* Stored items

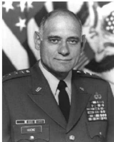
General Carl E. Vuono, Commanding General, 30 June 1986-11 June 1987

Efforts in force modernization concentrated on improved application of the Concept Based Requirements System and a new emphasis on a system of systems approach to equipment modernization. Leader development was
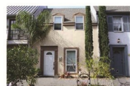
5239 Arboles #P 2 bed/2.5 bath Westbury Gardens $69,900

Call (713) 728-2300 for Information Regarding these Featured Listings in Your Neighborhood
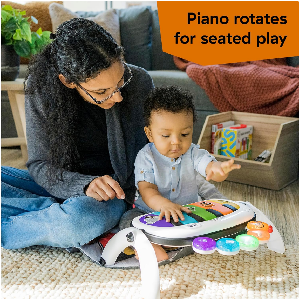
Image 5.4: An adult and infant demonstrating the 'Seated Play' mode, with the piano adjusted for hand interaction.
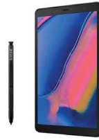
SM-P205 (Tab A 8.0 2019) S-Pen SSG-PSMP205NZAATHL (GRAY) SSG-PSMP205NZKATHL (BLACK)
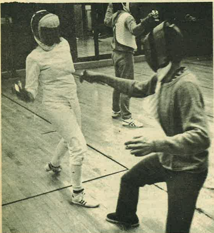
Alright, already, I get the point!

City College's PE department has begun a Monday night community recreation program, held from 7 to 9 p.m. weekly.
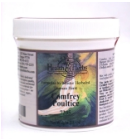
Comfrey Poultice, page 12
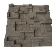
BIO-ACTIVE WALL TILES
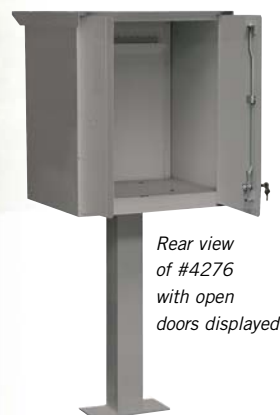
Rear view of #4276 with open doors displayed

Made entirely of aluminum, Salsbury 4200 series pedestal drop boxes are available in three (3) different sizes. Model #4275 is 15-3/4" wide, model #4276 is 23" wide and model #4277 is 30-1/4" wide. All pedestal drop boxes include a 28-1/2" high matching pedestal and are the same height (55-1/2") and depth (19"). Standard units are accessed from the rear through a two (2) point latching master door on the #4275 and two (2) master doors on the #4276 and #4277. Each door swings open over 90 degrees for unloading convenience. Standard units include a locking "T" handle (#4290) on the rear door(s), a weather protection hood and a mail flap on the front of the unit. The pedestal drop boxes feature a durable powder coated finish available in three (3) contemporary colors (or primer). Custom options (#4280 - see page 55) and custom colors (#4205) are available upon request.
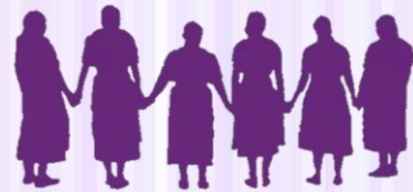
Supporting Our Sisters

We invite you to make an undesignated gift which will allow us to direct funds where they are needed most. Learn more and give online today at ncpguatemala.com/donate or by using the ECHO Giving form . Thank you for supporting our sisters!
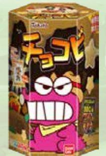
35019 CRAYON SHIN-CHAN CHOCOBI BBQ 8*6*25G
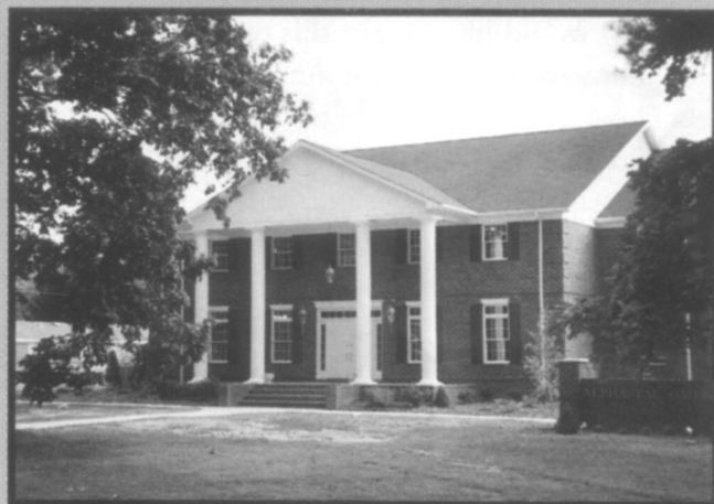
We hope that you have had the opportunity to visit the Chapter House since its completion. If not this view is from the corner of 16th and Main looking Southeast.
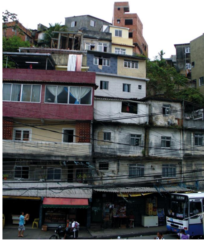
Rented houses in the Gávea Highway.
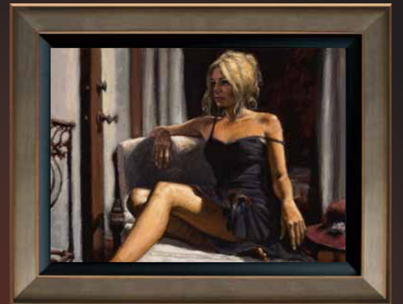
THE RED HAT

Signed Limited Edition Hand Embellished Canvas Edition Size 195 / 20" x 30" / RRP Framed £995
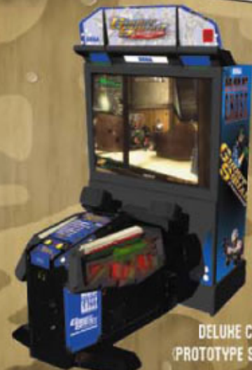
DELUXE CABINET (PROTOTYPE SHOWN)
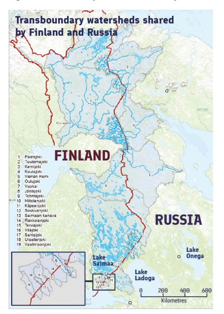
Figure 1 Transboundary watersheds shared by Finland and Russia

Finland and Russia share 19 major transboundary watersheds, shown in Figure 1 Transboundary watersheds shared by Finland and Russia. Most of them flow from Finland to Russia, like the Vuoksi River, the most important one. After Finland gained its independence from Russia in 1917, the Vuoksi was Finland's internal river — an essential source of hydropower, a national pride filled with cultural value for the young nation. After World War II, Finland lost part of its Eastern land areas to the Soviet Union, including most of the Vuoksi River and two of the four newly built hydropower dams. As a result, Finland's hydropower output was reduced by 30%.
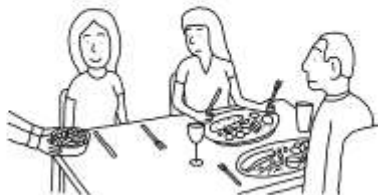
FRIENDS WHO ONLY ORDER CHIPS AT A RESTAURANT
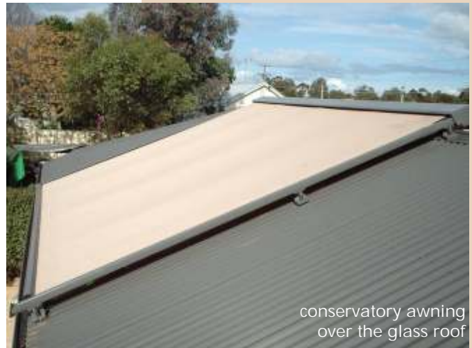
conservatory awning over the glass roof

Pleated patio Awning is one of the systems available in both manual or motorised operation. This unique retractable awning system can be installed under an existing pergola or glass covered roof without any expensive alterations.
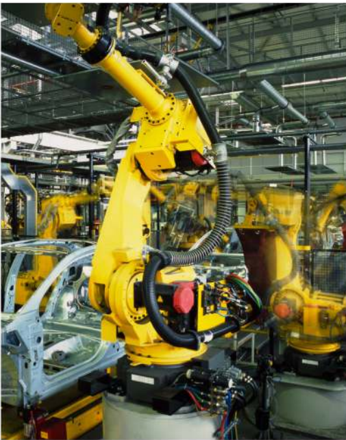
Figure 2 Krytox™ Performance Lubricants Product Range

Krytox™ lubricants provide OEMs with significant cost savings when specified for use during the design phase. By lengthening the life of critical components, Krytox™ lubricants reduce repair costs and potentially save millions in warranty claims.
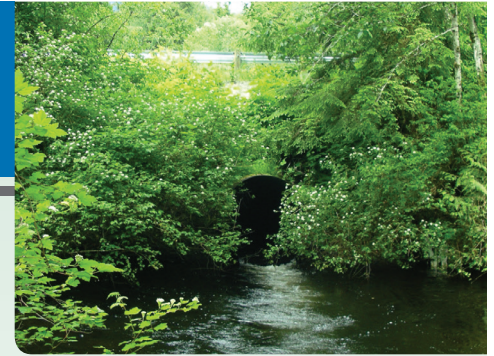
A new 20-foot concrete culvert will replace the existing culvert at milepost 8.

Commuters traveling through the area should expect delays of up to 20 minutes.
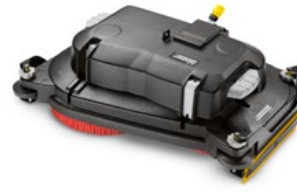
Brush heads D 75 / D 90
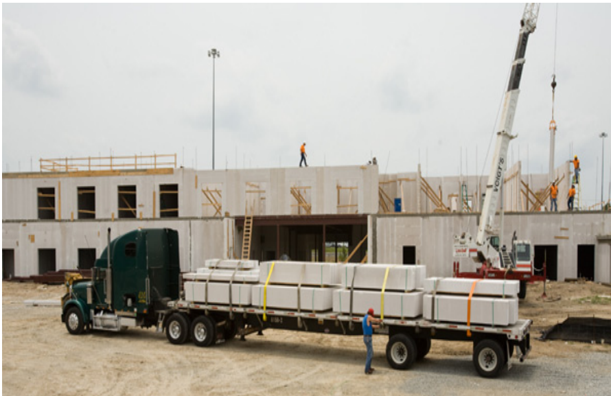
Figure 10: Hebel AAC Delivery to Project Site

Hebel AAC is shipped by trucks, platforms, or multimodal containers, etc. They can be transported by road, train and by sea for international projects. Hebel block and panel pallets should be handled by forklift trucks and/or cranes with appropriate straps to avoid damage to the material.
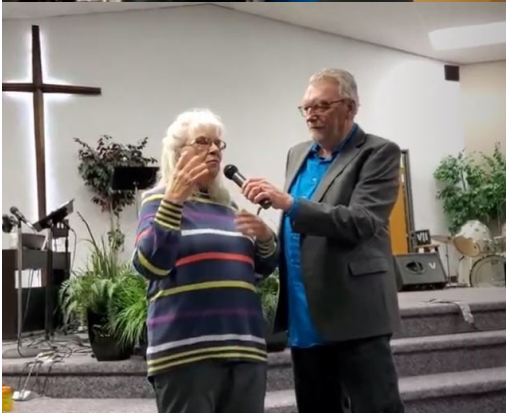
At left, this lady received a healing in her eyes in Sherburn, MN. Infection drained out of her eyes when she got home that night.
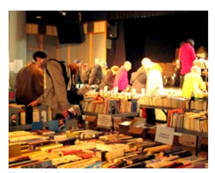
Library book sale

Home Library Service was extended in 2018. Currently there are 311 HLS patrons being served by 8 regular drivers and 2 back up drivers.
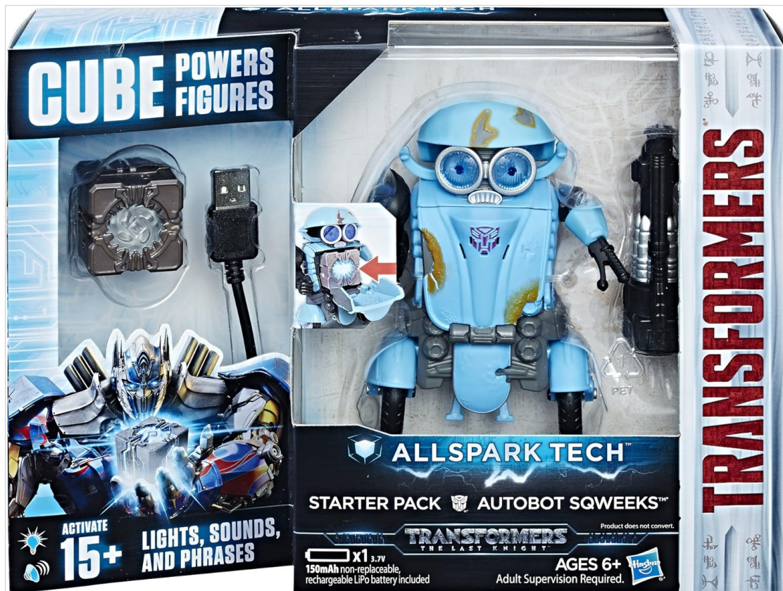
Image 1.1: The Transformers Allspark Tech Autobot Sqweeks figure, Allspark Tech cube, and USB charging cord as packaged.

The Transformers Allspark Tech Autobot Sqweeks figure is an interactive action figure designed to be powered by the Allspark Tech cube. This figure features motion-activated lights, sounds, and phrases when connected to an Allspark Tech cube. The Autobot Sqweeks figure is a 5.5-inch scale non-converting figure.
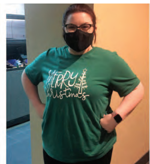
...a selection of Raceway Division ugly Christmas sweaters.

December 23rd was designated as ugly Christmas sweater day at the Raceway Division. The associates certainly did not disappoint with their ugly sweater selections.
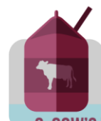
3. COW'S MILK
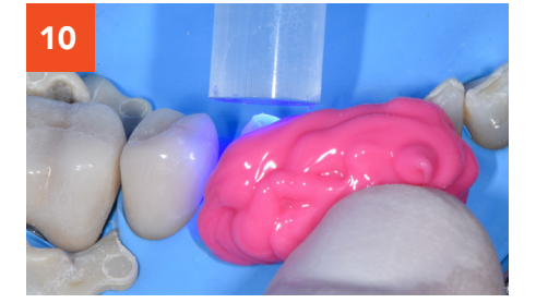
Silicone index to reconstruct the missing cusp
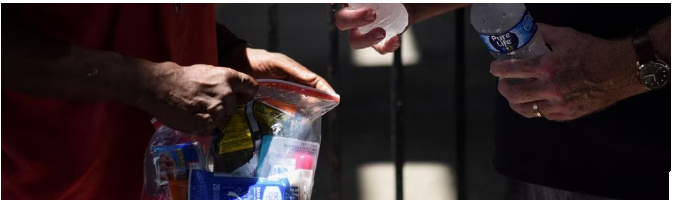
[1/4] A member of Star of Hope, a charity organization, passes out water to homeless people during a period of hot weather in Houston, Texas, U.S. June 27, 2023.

* WHAT IS REQUIRED
For this data, state how many lines include the word "Image", with nothing added.

* TASK OUTPUT
2